Attorney for Buying a Business

Lynnette Ariathurai, Bay Area Business Attorney

If you are considering a purchase of an existing business, it is important to work with an attorney for buying a business. Purchasing a business can be a complex process, and many legal issues can arise in the process of looking for a business to buy, securing financing for the purchase, and getting the business running again. If you are in the market for a business, you should know that an experienced Fremont business lawyer can provide you with the services you need. As you consider your options for buying a business, the following are issues and concerns that you should consider.

Looking for a Business to Buy: Selection and Marketplace

Seeking out a business to buy can be a complicated process in and of itself. How do you select the type of business to buy? Generally speaking, you should seek out businesses that have ties to your own professional work and expertise. If you do not have experience in a particular industry, buying a business in that field can be much more difficult than buying a business in a field with which you have some familiarity.

Once you decide on the type of business you should be selecting, it will be time to locate the business that you want to purchase. You should work with a lawyer to understand the marketplace and your options for selecting an appropriate business.

Due Diligence Prior to Purchasing a Business

Prior to buying, you should develop a due diligence checklist that includes a variety of tasks you will need to complete with assistance from an experienced business law attorney.

You will also need to secure financing for the purchase. In order to secure financing, you will need to provide a significant amount of information to the lender about the business, which you will gather in the process of conducting due diligence. An article in Reuters discusses key elements of due diligence. Generally speaking, due diligence should include the following for most types of business purchases:

  • Researching the business’s financial information, including any existing liens, debts, tax returns, expenses, profit margins, and inventory;
  • Gather information about the structure of the business and the business formation of the company, which will provide you with information about the business’s bylaws or articles of incorporation, shareholders or investors, and compliance filings;
  • Determine the business’s assets, including commercial real estate, equipment, furniture, and products;
  • Learn about existing employee and customer data, including any existing disputes or litigation;
  • Review existing business contracts, including employment contracts, restrictive covenants, mortgages, leases, stock purchase agreements, and existing agreements with suppliers or vendors;
  • Determine whether there are any existing legal issues or disputes involving the business; and
  • Investigate existing intellectual property, such as existing trademarks or service marks.

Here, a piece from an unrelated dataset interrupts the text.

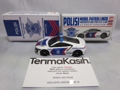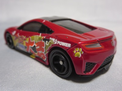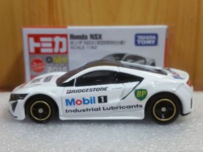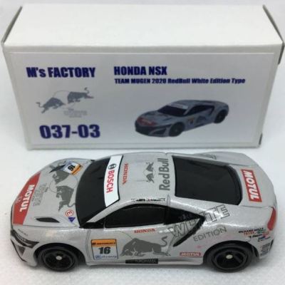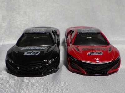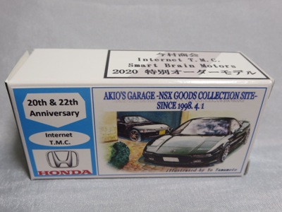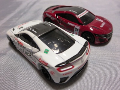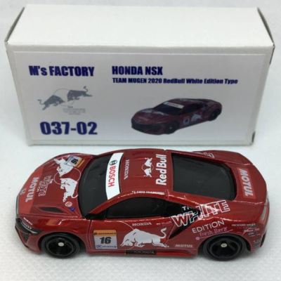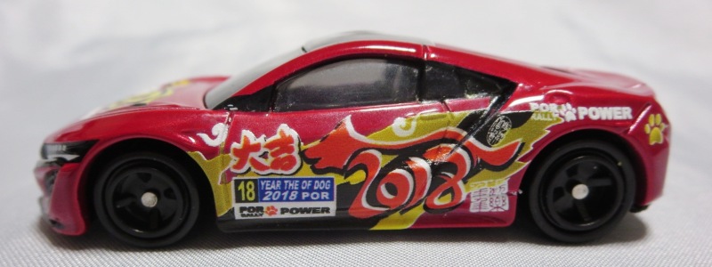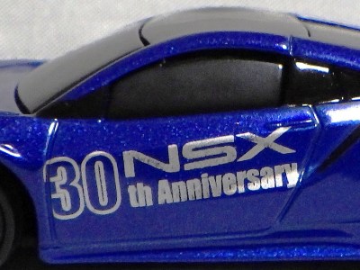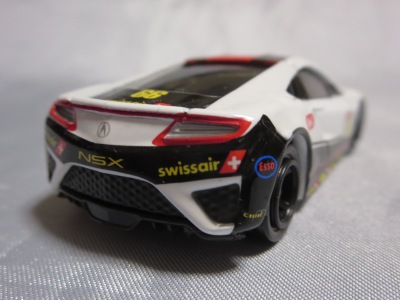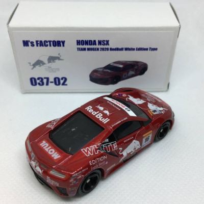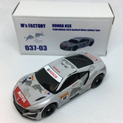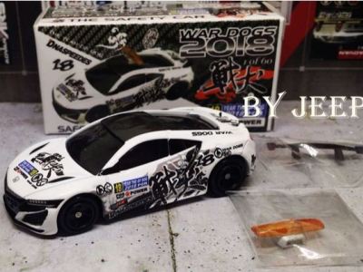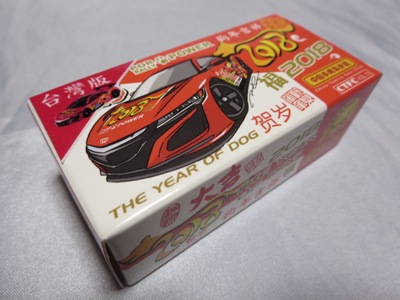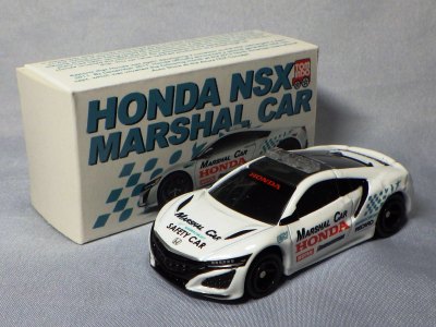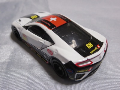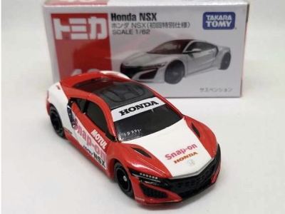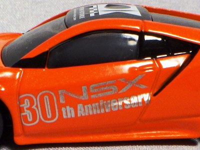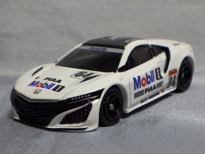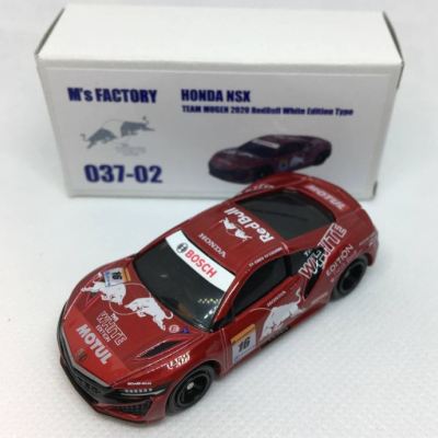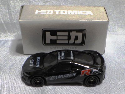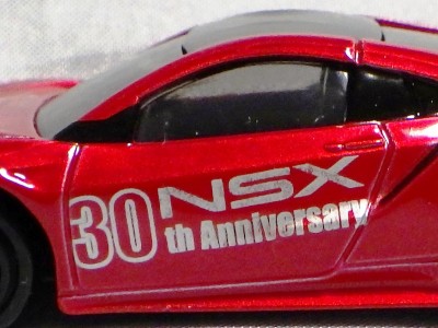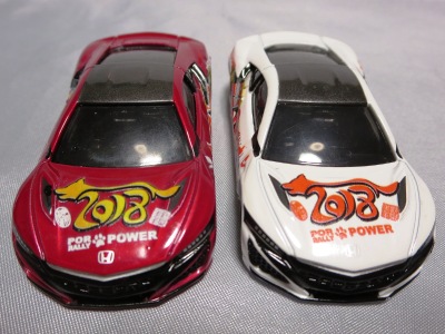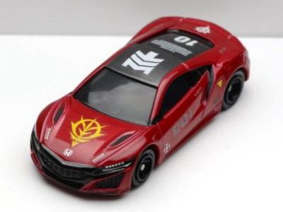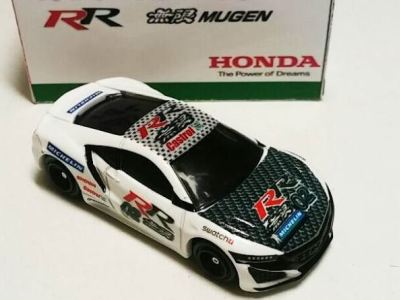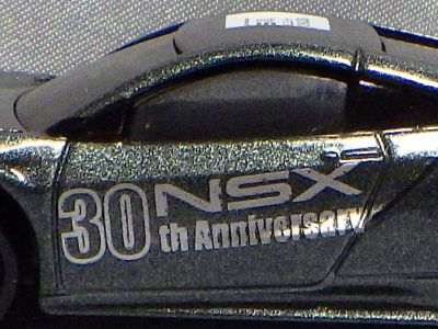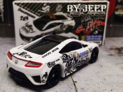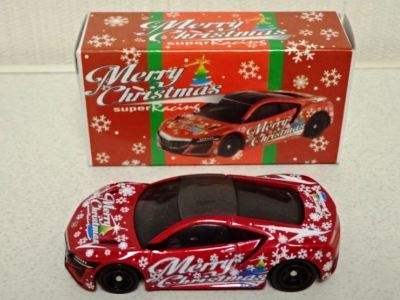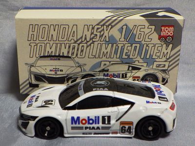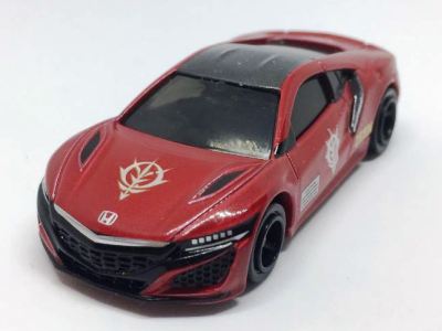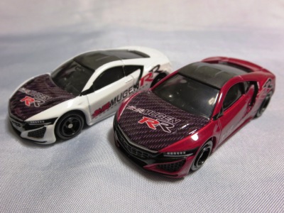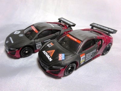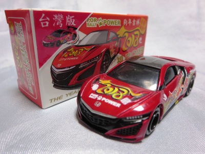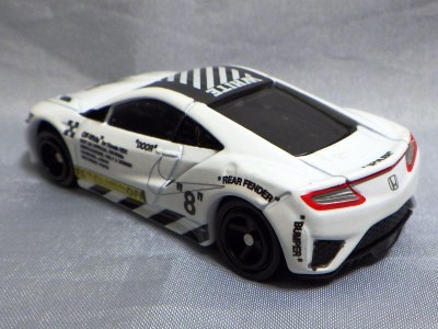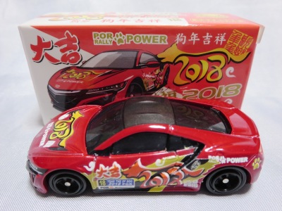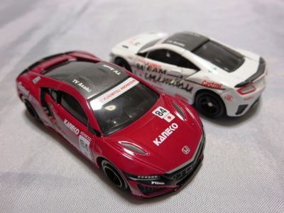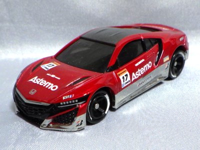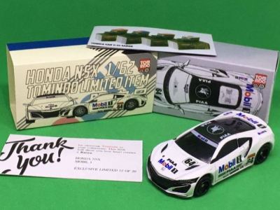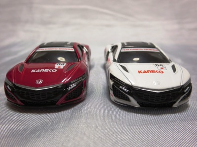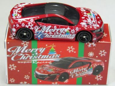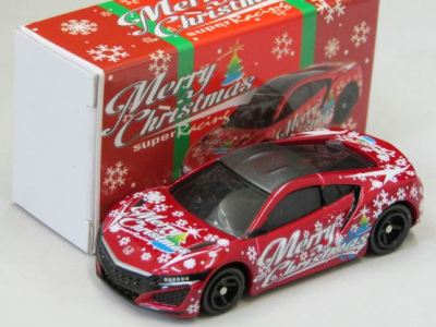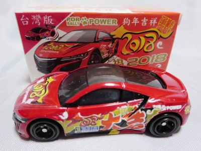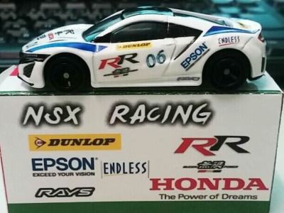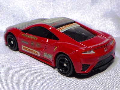 | 2017年1月13日発売。新型NSXトミカとして初の2次加工モデル。初回特別カラー版と通常カラー版の両方あり。ルーフにホンダマーク、両ドアにNSXロゴとチェッカーフラッグデザインのタンポが入る。 付属のクリアケースには、両ドアと同様のデザインがプリントされている。 購入先はドリームボックスであるが、複数あるらしい製作元の個人名や会社名は表に出すと差し障りがあるということで、あえて「〜特注」という名称を付けないでおく。 1月18日にオークションに初登場し、翌日の落札額は、限定カラーが15,500円、通常カラーが10,500円と驚きの高騰ぶり。その後も高額落札が暫く続いた。 |

Guidance on Liability and Minimization of Risk

If you or your company is considering purchasing a business, it is imperative that you carefully assess all of the potential risks. The absolute last thing you want to deal with is an unanticipated issue that could expose you to legal liability. Among other things, these debts could include employee wages, contractual obligations, loans, state or federal taxes, commercial leases, and other financial responsibilities.

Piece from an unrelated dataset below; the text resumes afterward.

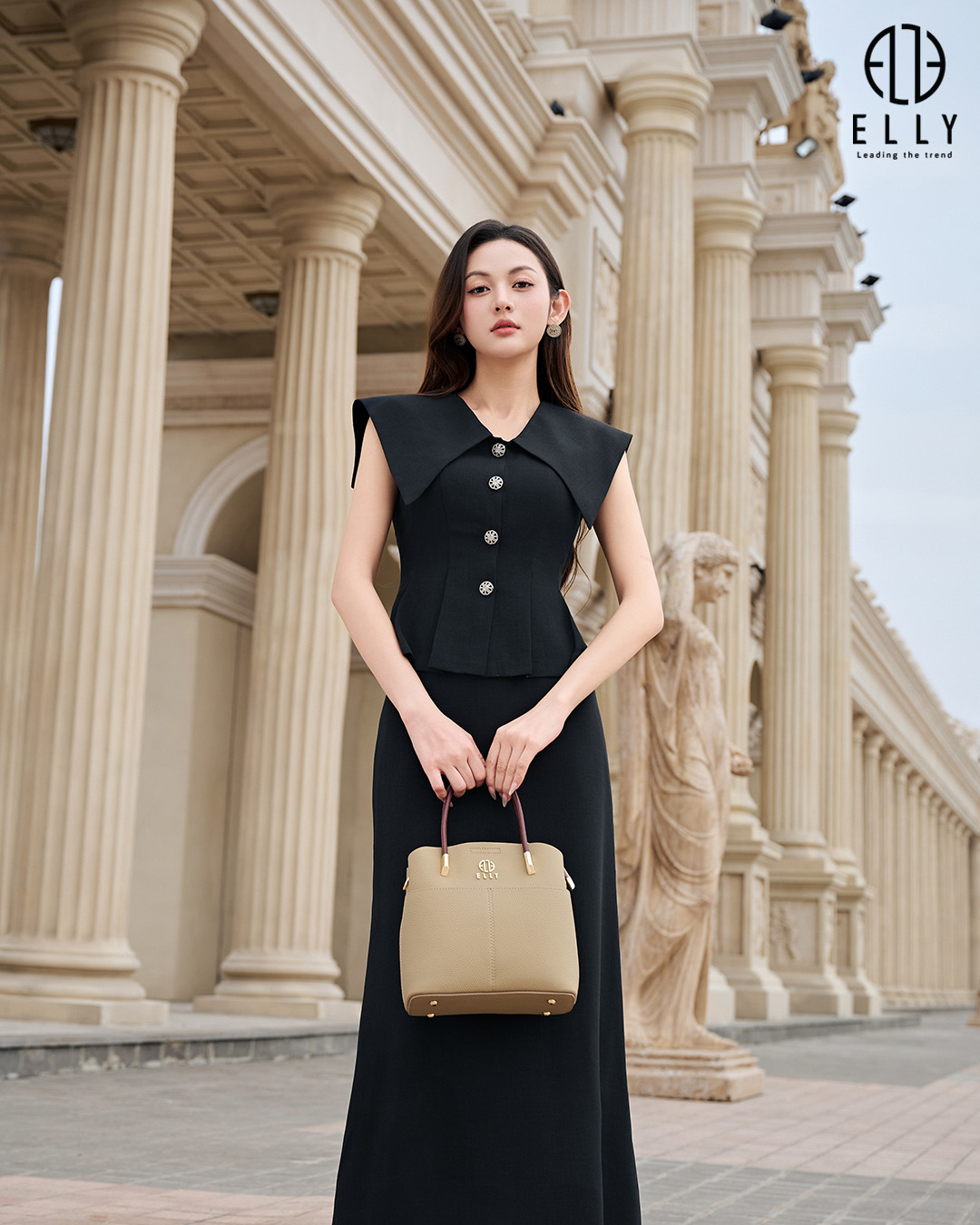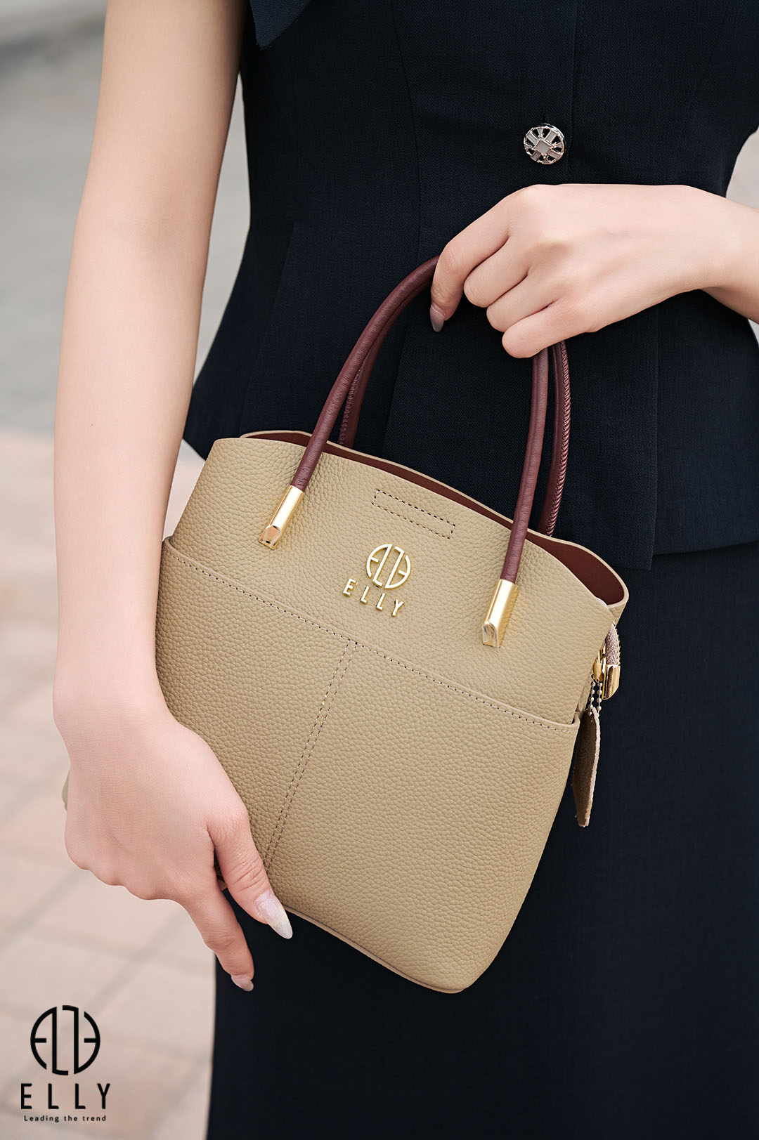 Logo ELLY kim loại mạ vàng tinh tế, nổi bật ở mặt trước túi

Hiring a Knowledgeable Business Attorney is Important

Given extensive experience practicing business law, your attorney will review all relevant purchase documents, offer guidance on liability, and help you minimize the risks. It may be important to send a bulk sale notice to all affected creditors, including state and federal tax authorities. By doing so, you will notify creditors that assets are being transferred and impose a time limit for them to bring any claim. A well-drafted asset purchase agreement will help to ensure that your company is not subject to unknown liabilities.

With a full understanding of the risks as presented by your business attorney, you and your business partners can better protect your financial interests. In some cases, it may be advisable to buy the company’s individual assets instead of the entire business. In other cases, purchasing an ownership stake in the company may be the best path forward. There are additional ways to obtain protection in a purchase, such as temporarily holding back a portion of the purchase price, including comprehensive indemnification provisions, and obtaining insurance.

Business Law Matters After Your Purchase

Depending upon the type of business you bought, it may be necessary to change the business structure, and you may need legal assistance with business formation questions. New businesses, and new business owners, will also need to draft enforceable contracts for employees, vendors, suppliers, and other parties. Business contracts can be complex, and you should always work with an experienced business lawyer who can ensure that your contracts are likely to be enforceable in the event of a dispute.

The attorney you hire for buying a business can also assist with other outstanding legal items that are likely to arise in the early stages of buying a business.

Contact a Business Lawyer in Fremont

Buying a business can be a complex endeavor, but an experienced California business and corporate attorney can assist you. At The Law Office of Lynnette Ariathurai, we serve clients in Fremont, Hayward, Union City, Milpitas, and Newark, California. Contact attorney Lynnette Ariathurai today for assistance with buying a business.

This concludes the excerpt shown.